Here are a few potential reasons for the discrepancy:

  1. **Layer fusion**: TensorRT 10.3 has improved layer fusion, which might affect the behavior of the FC layer. You can try disabling layer fusion using the `setFlag` method with the `kDISABLE_LAYER_FUSION` flag to see if it makes a difference.
  2. **Kernel selection**: TensorRT 10.3 might be selecting a different kernel for the FC layer, which could lead to differences in the output. You can try setting the `kSTRICT_TYPES` flag using the `setFlag` method to enforce strict type checking and see if it resolves the issue.
  3. **Numerical precision**: Although you mentioned that the issue is not related to FP32 or other options, it’s still possible that numerical precision differences between the two environments are causing the discrepancy.
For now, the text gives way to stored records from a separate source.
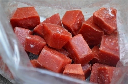 Bước 5: Sau khi đã đông thành đá thì lấy tách các viên đá cà chua cho vào hộp nhựa hoặc túi zíp để trong tủ lạnh dùng dần.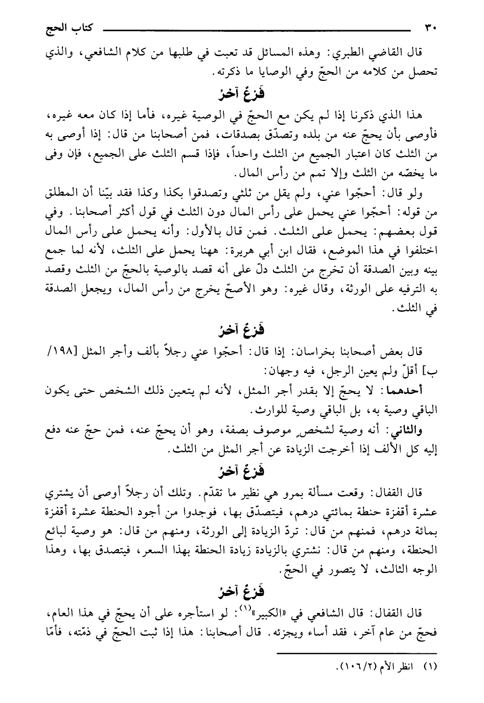 قال القاضي الطبري: وهذه المسائل قد تعبت في طلبها من كلام الشافعي، والذي تحصل من كلامه من الحج وفي الوصايا ما ذكرته.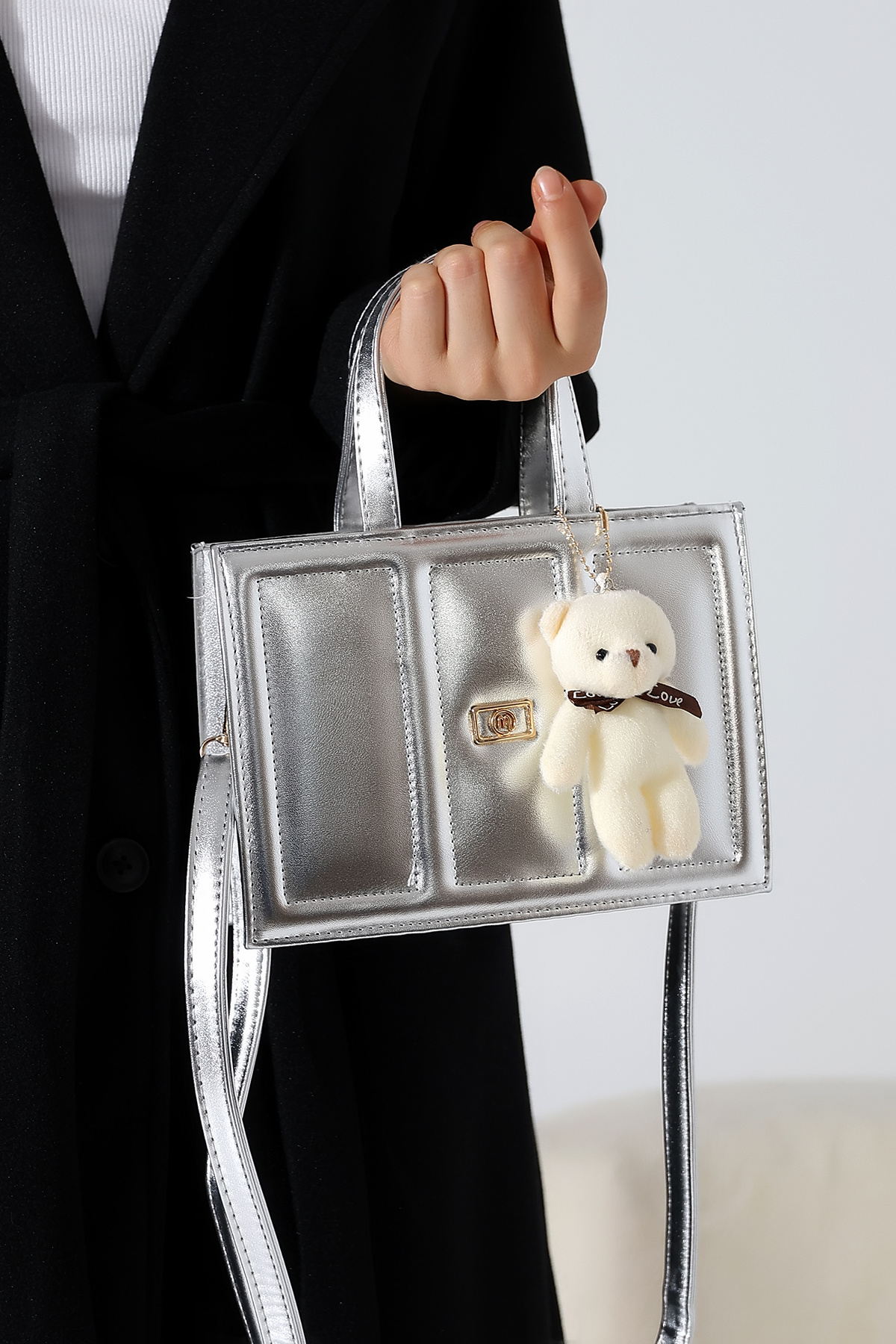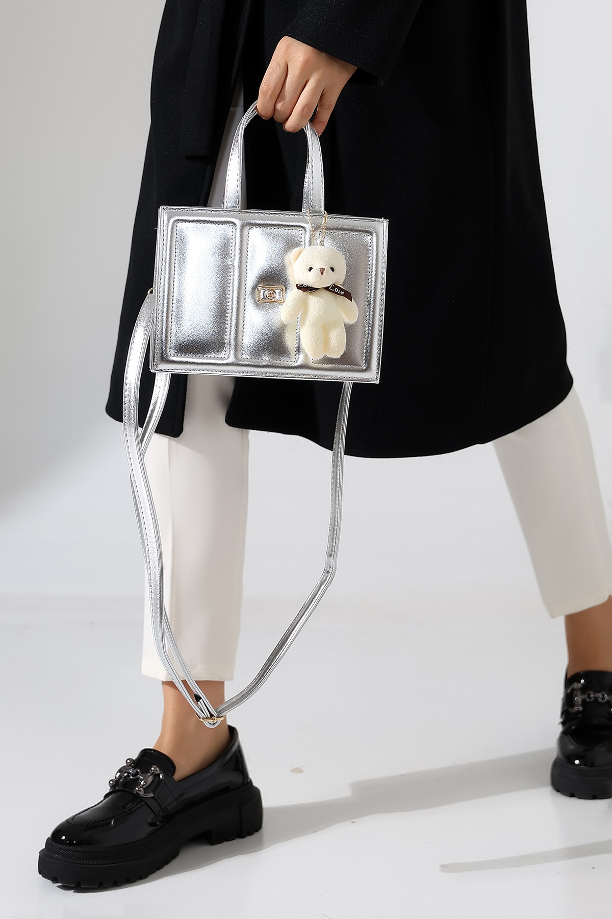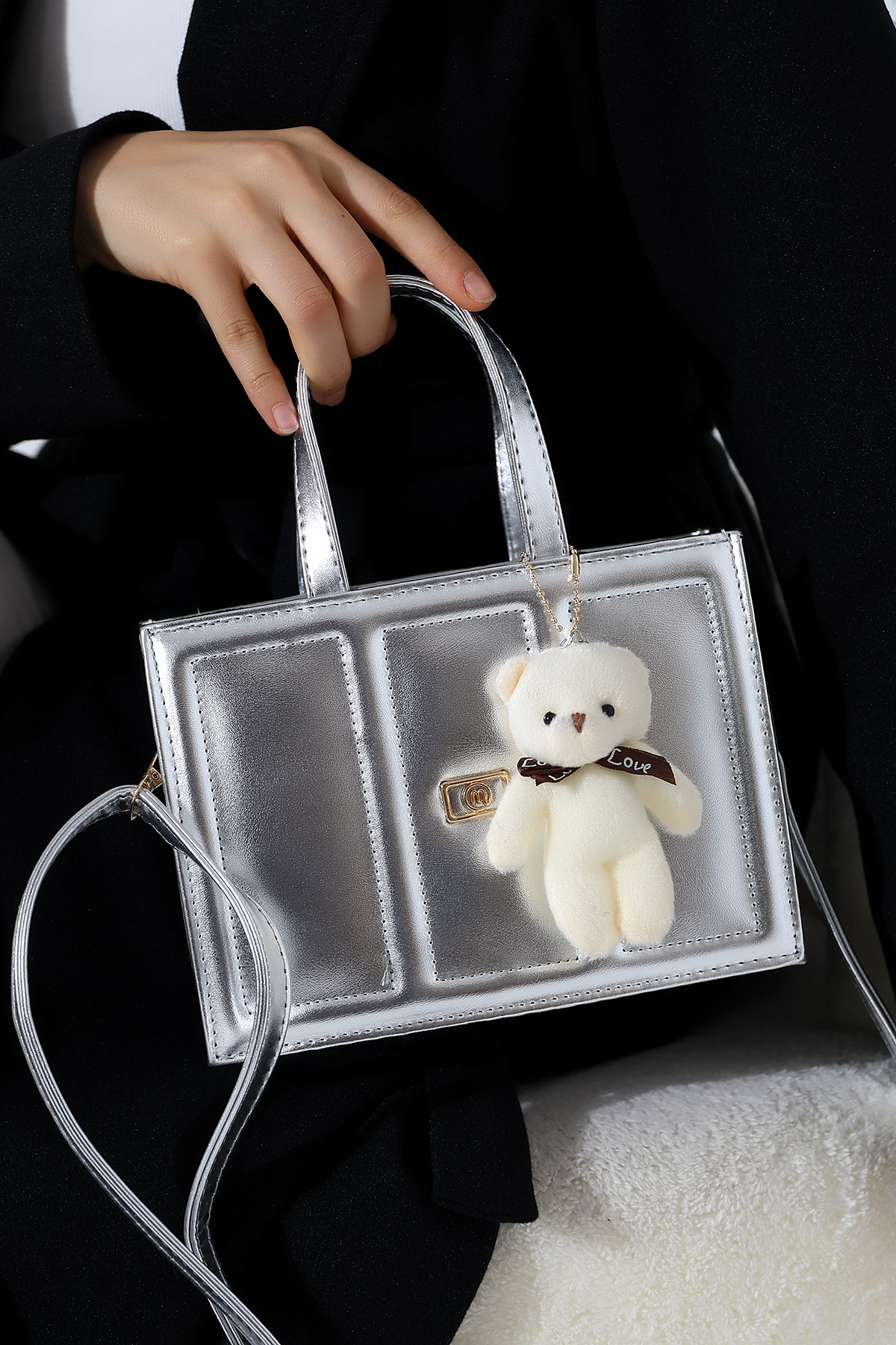 Gümüş Kadın Çanta Küçük Boy Kutu Model Ayıcıklı Çapraz Askılı Omuz ve El Çantası Gümüş Kadın Çanta Küçük Boy Kutu Model Ayıcıklı Çapraz Askılı Omuz ve El Çantası BLZ-AYICIKLI Standart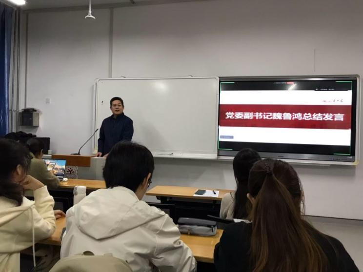 最后,魏鲁鸿结合“教育、科技、人才”三位一体的时代背景,对本次大会的主要内容作了总结,鼓励党员同志在人工智能与百年未有之大变局时代背景下,主动学习新技术、增强综合素养,走在时代前列,警惕技术依赖,坚守学习初心,在实干中成长,努力成为对社会有用的人。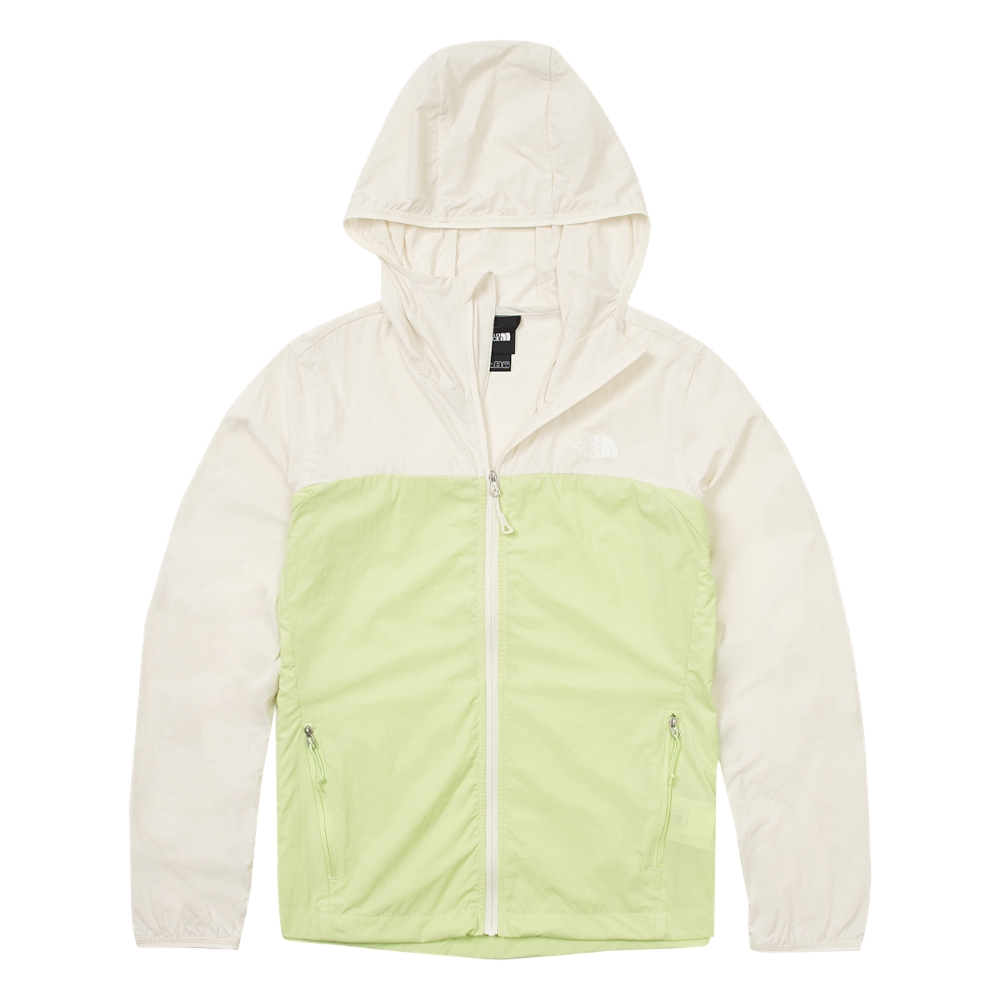 ▲左:女款 UPF 綠色防曬涼感連帽外套 NT$4,380 / 右:女款UPF米白色防風防曬立領外套 NT$4,880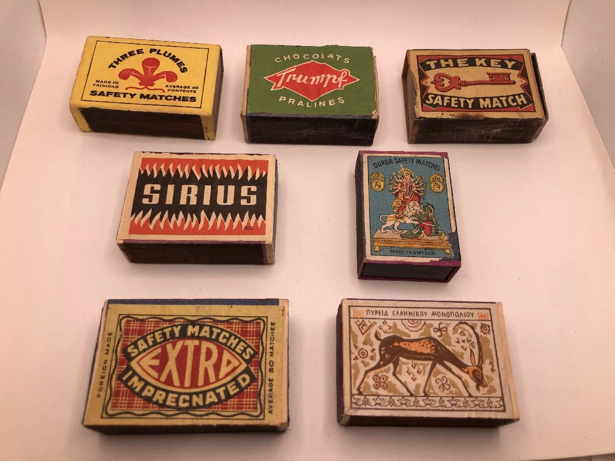 5 σπιρτόκουτα χωρίς σπίρτα και 2 (τα δυο μπροστινά) γεμάτα με σπίρτα
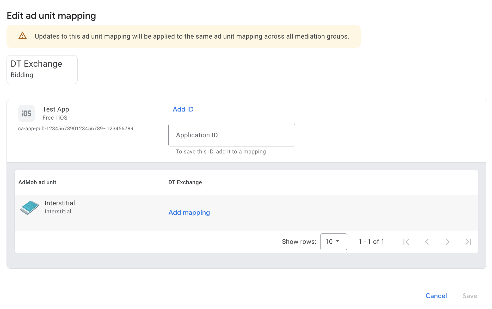 Musisz dodać DT Exchange do konfiguracji mediacji w przypadku jednostki reklamowej.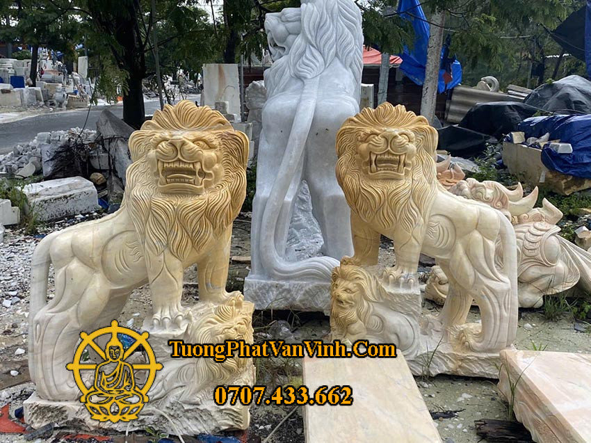 Tượng Sư tử bằng đá vàng tự nhiên cao 1,5 mét là một trong những tác phẩm nổi bật của xưởng Tượng Phật Văn Vĩnh, nơi quy tụ đội ngũ nghệ nhân giàu kinh nghiệm trong điêu khắc đá mỹ nghệ tại Đà Nẵng. Sản phẩm không chỉ mang giá trị thẩm mỹ cao mà còn chứa đựng nhiều ý nghĩa phong thủy, được nhiều công trình lựa chọn để đặt trước cổng, sân vườn, đền chùa hay biệt thự.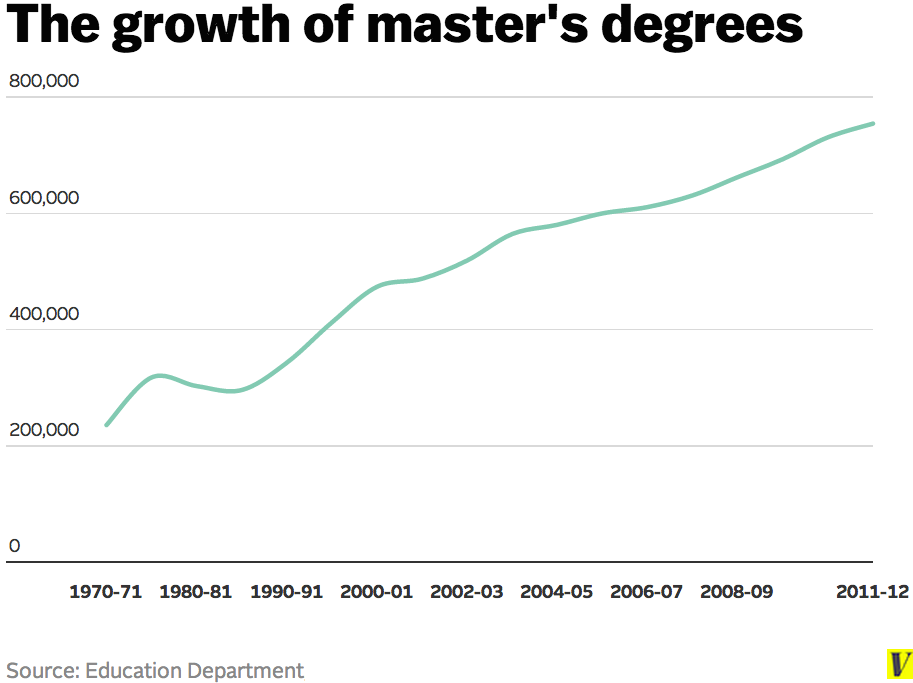 According to Vox, master’s degrees have risen by 43% since 2002. Unfortunately, however, this also means so has student debt. Though this should be deemed as an advance in our society, Vox describes the growing increase of degrees in correlation to the rigorous job qualifications present in the United States. In fact, Vox further states that master’s degrees are just as common now as regular undergraduate degrees were in the 1960’s.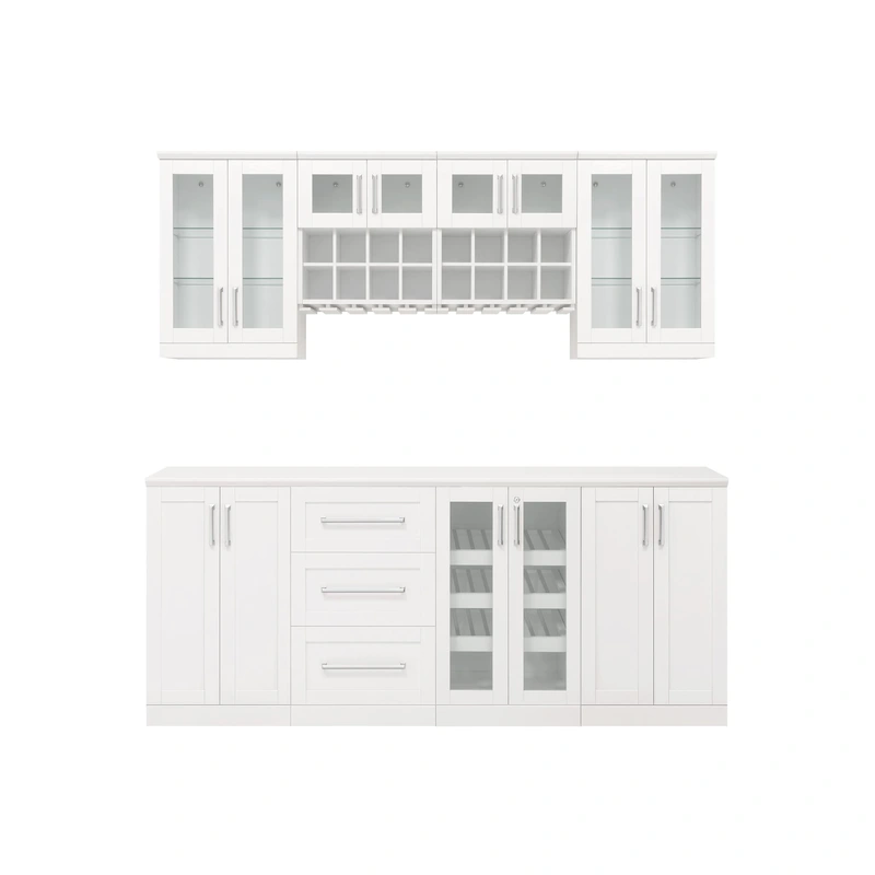 Transform your living space with the NewAge Products Home Bar 84-in x 85-in White Rectangle Bar Cabinet. Featuring a sleek yet functional design, this elegant bar cabinet combines classic shaker-style doors with modern functionality. Perfect for displaying your finest collections while providing ample storage for all your bar essentials.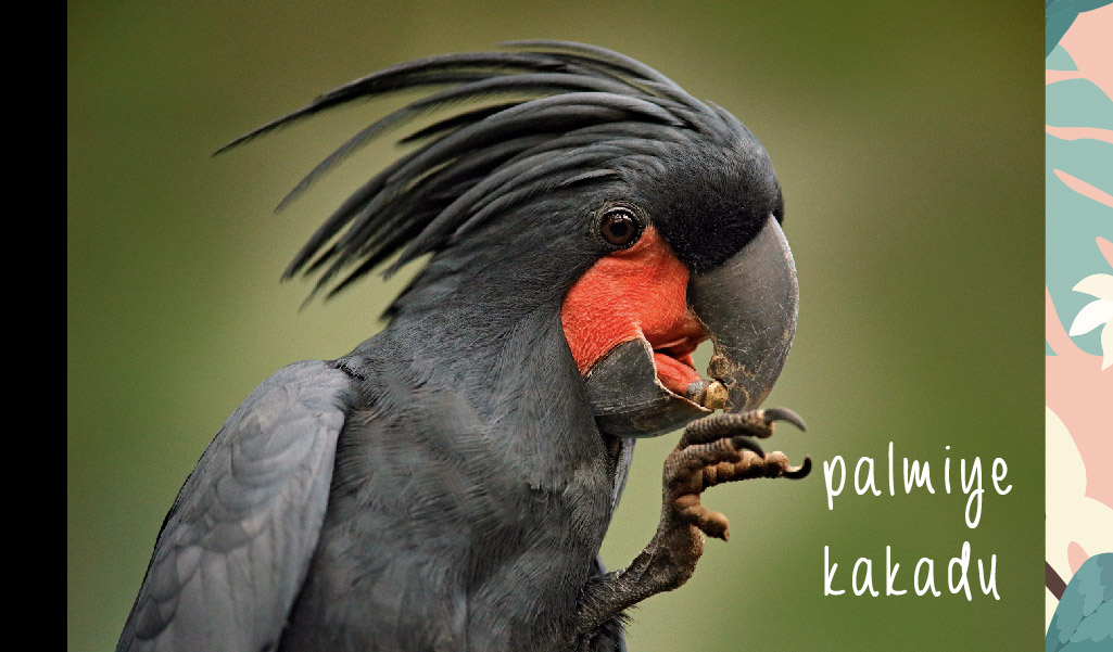 Adını, palmiyeyi andıran tepe tüylerinden alan bu kakadu ise oldukça iri yapılı ve en iri gagalı papağandır. Ve daha ilginç özelliği ise yüzündeki kırmızı bölgenin heyecanlandığı zaman mavi renge dönüşmesidir. Palmiye kakadular da ailenin diğer türleri gibi farklı sesler çıkarabilir, çok iyi ıslık çalabilir ve büyük çığlıklar atabilirler.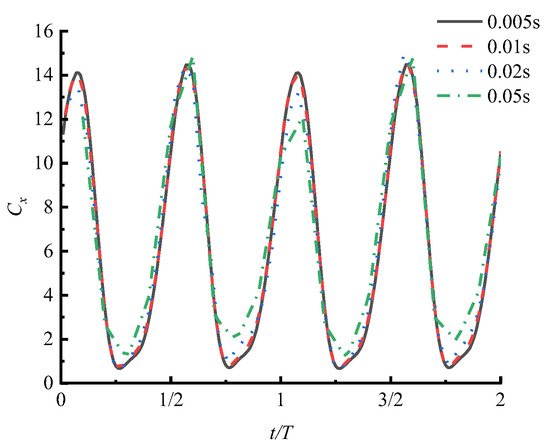 In addition, concerning the verification of independence from the iteration step size, this study selected the numerical model with a grid count of 213,000 mentioned above. Three different time step sizes—0.05 s, 0.02 s, and 0.01 s—were chosen for numerical simulations. The simulation results were extracted for two cycles after the outlet section flow stabilized, as shown in Figure 7. The results show that with a step size of 0.05 s, the curves have more angular corners. This is because a step size of 0.05 s is too large, leading to a significant interval between adjacent data points. However, the curves for iteration step sizes of 0.01 s and 0.005 s almost overlap. It can be observed that after an iteration step size of 0.01 s, computational accuracy is ensured. Therefore, this study chose an iteration step size of 0.01 s for the numerical investigation of the hydrodynamic performance of the flapping hydrofoil bionic pump device.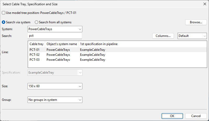 5. Specify the settings for the new cable tray, if they were not inherited.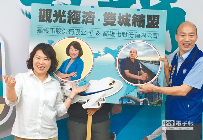 準(zhǔn)嘉義市長黃敏惠(左)、準(zhǔn)高雄市長韓國瑜于競選期間提出雙城共同拼經(jīng)濟(jì)的理念。(圖片來源:臺灣“中時電子報”)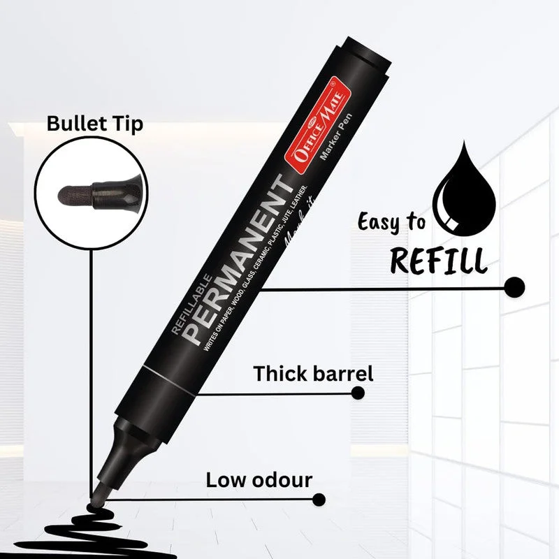 Be the first to review Refillable Permanent Black Marker Pen Set (10 Pcs) – Waterproof, Bullet Tip!

You can try setting the `kFP16` flag using the `setFlag` method to force the FC layer to use FP16 precision and see if it improves the accuracy.
  4. **Weight quantization**: If the ONNX model uses weight quantization, it’s possible that the quantization scheme is not being applied correctly in TensorRT 10.3. You can try setting the `kQUANTIZE_WEIGHTS` flag using the `setFlag` method to enable weight quantization and see if it resolves the issue.

To troubleshoot the issue, you can try the following steps:

  1. **Compare the layer output**: Use the `getOutput` method to retrieve the output of the FC layer in both environments and compare the values to identify any differences.
  2. **Check the layer configuration**: Use the `getLayer` method to retrieve the FC layer configuration in both environments and compare the settings to ensure they are identical.
  3. **Enable debug logging**: Set the `kDEBUG_LOG` flag using the `setFlag` method to enable debug logging and see if it provides any insights into the issue.

Here’s an example code snippet that demonstrates how to set the flags mentioned above:
```python
import tensorrt as trt

Create a TensorRT builder

builder = trt.Builder(trt.Logger())

Set the flags

builder.set_flag(trt.BuilderFlag.kDISABLE_LAYER_FUSION)
builder.set_flag(trt.BuilderFlag.kSTRICT_TYPES)
builder.set_flag(trt.BuilderFlag.kFP16)
builder.set_flag(trt.BuilderFlag.kQUANTIZE_WEIGHTS)

Create a TensorRT engine

engine = builder.build_engine(network)
```
If none of these suggestions resolve the issue, please provide more details about your model, environment, and code, and I’ll do my best to help you troubleshoot the problem.

Thank you so much for your reply.

I tried all of setflags you suggested to check if they affect the behavior of the FC layer,
but there were still some issues.

Layer fusion

  • config.set_flag(trt.BuilderFlag.kDISABLE_LAYER_FUSION)
    • → AttributeError: type object ‘tensorrt.tensorrt.BuilderFlag’ has no attribute ‘kDISABLE_LAYER_FUSION’
  • changed ‘kDISABLE_LAYER_FUSION’ to ‘DISABLE_LAYER_FUSION’, but got same error

Kernel selection

  • config.set_flag(trt.BuilderFlag.kSTRICT_TYPES)
    • → AttributeError: type object ‘tensorrt.tensorrt.BuilderFlag’ has no attribute ‘kSTRICT_TYPES’
  • changed ‘kSTRICT_TYPES’ to ‘STRICT_TYPES’, but got same error.

Numerical precision

  • config.set_flag(trt.BuilderFlag.kFP16)
    • → AttributeError: type object ‘tensorrt.tensorrt.BuilderFlag’ has no attribute ‘kFP16’. Did you mean: ‘FP16’?
  • changed ‘kFP16’ to ‘FP16’, and got gender result below, which is nearly same with previous result.
    • array([0.94433594, -0.46850586], dtype=float32)

Weight quantization

  • config.set_flag(trt.BuilderFlag.kQUANTIZE_WEIGHTS)
    • → AttributeError: type object ‘tensorrt.tensorrt.BuilderFlag’ has no attribute 'kQUANTIZE_WEIGHTS’
  • Changed ‘kQUANTIZE_WEIGHTS’ to ‘QUANTIZE_WEIGHTS’, but got same error.

Also, the builderflags you mentioned do not exist in the official document (IBuilderConfig — NVIDIA TensorRT Standard Python API Documentation 10.3.0 documentation).

It would be very appreciate if you help me troubleshoot this issue.